Abraham Lincoln's birth mother, Nancy Hanks Lincoln, died in 1818 while the family lived in southern Indiana. In 1819, Lincoln's father Thomas Lincoln married Sarah Bush Lincoln of Kentucky. In 1830, Thomas and Sarah's newly combined family migrated west from Indiana into central Illinois.

After a wretched winter in 1830-1831 at a campsite west of Decatur, young Abraham, now an adult, left the family to start his own homestead and seek his fortune in Sangamon County. Wandering generally southeastward, Thomas and Sarah eventually settled in Coles County. After living unsuccessfully on three separate farmsteads within the county, Thomas bought a small plot near the Embarras River in 1840, part of what was then called Goosenest Prairie, now within Pleasant Grove Township on the southern edge of Coles County.

At some point soon after that purchase, Thomas and Sarah built what was to be their final home, a saddlebag cabin with two main rooms and additional sleeping and storage space in a loft or attic accessed by a ladder. By 1845, the cabin was home to as many as 18 members of the Lincoln and Johnston families, living together in an extended-family arrangement common in Appalachian Southern culture. Abraham Lincoln, now a rising state legislator and lawyer, provided financial help to his parents but did not visit them as often as he could. As a lawyer, he was in Charleston, site of the Coles County courthouse, quite frequently, but only visited "every year or two." Though he remembered his stepmother fondly, Lincoln was not very close to his father; he did not visit even when Thomas Lincoln was terminally ill in 1851.

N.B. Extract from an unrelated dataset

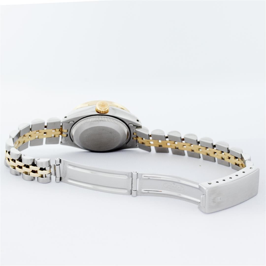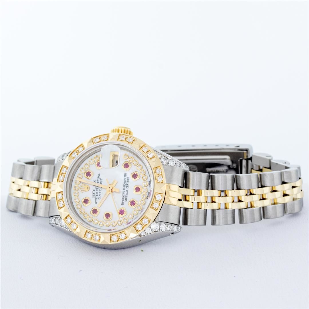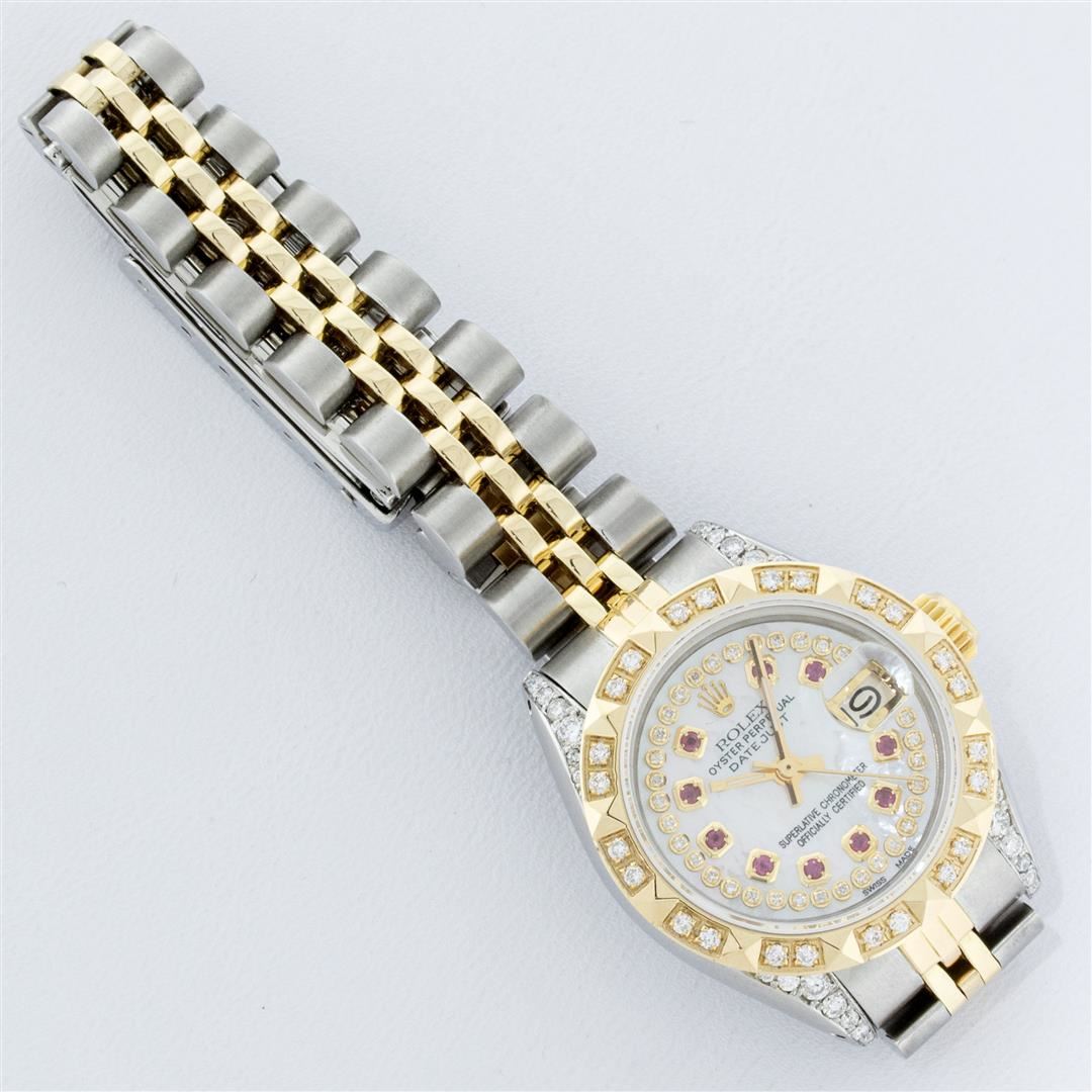 One Ladies Two Tone Rolex Datejust Polished, Serviced & Electronically Tested, Yellow Gold & Stainless Steel Case: 26mm, Yellow Gold Crown, Diamond Lugs: 24 Diamonds On Lugs, Clarity: SI-VS, Color: G to H, Clarity SI-VS. Custom Bezel: New 18K Yellow Gold Pyramid Diamond Bezel, Diamond Count: 24 Diamonds, Total Weight .50 Carat, Clarity: SI-VS, Color: G to H. Custom Crystal: New Synthetic Scratch Resistant Sapphire Cyclops Lens. Custom Hands: New Luminescent Hands. Movement: Automatic Winding Movement. Custom Dial: Mother Of Pearl With Ruby Hour Markers, Stone Count: 10 Rubies + 33 Diamonds In Dial, Clarity: SI-VS, Color: G to H. Date Window: 3 O'Clock Position Date Display, Model: Datejust. Condition: G-6 Extra Fine. Bracelet: Two Tone Yellow Gold & Stainless Steel Jubilee. Bright Polish. 6.0 Inch Length, Adjustable. Standard Clasp, With Rolex Logo. This Watch Has Been Serviced Time Tested And Is In Excellent Condition It Is Free Of All Scratches And Dents.
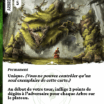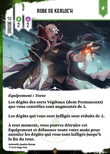 Les dégâts des sorts Végétaux (dont Permanents) que vous contrôlez sont augmentés de 3.Les dégâts qui vous sont infligés sont réduits de 2.A tout moment, vous pouvez détruire cet Équipement et défausser toute votre main pour annuler les dégâts qui vous sont infligés jusqu’à la fin du tour.

At the end of January 1861, Abraham Lincoln, the President-elect, traveled by newly laid railroad tracks from Springfield to Farmington, a few miles north of the cabin, to visit his widowed stepmother (Farmington is now the unincorporated hamlet of Campbell and not to be confused with Farmington, Illinois). Their meeting occurred at the middle-class frame house of prominent Farmington citizen (and Sarah's son-in-law) Reuben Moore. They also visited Thomas Lincoln's grave at nearby Shiloh Cemetery. Sarah was fond of her stepson and had always believed he would be successful. This was to be their last visit; Lincoln never returned to Illinois alive.

Sarah Bush Lincoln lived in the Goosenest Prairie cabin until her death in 1869. Sarah Lincoln was buried with Thomas in Shiloh Cemetery.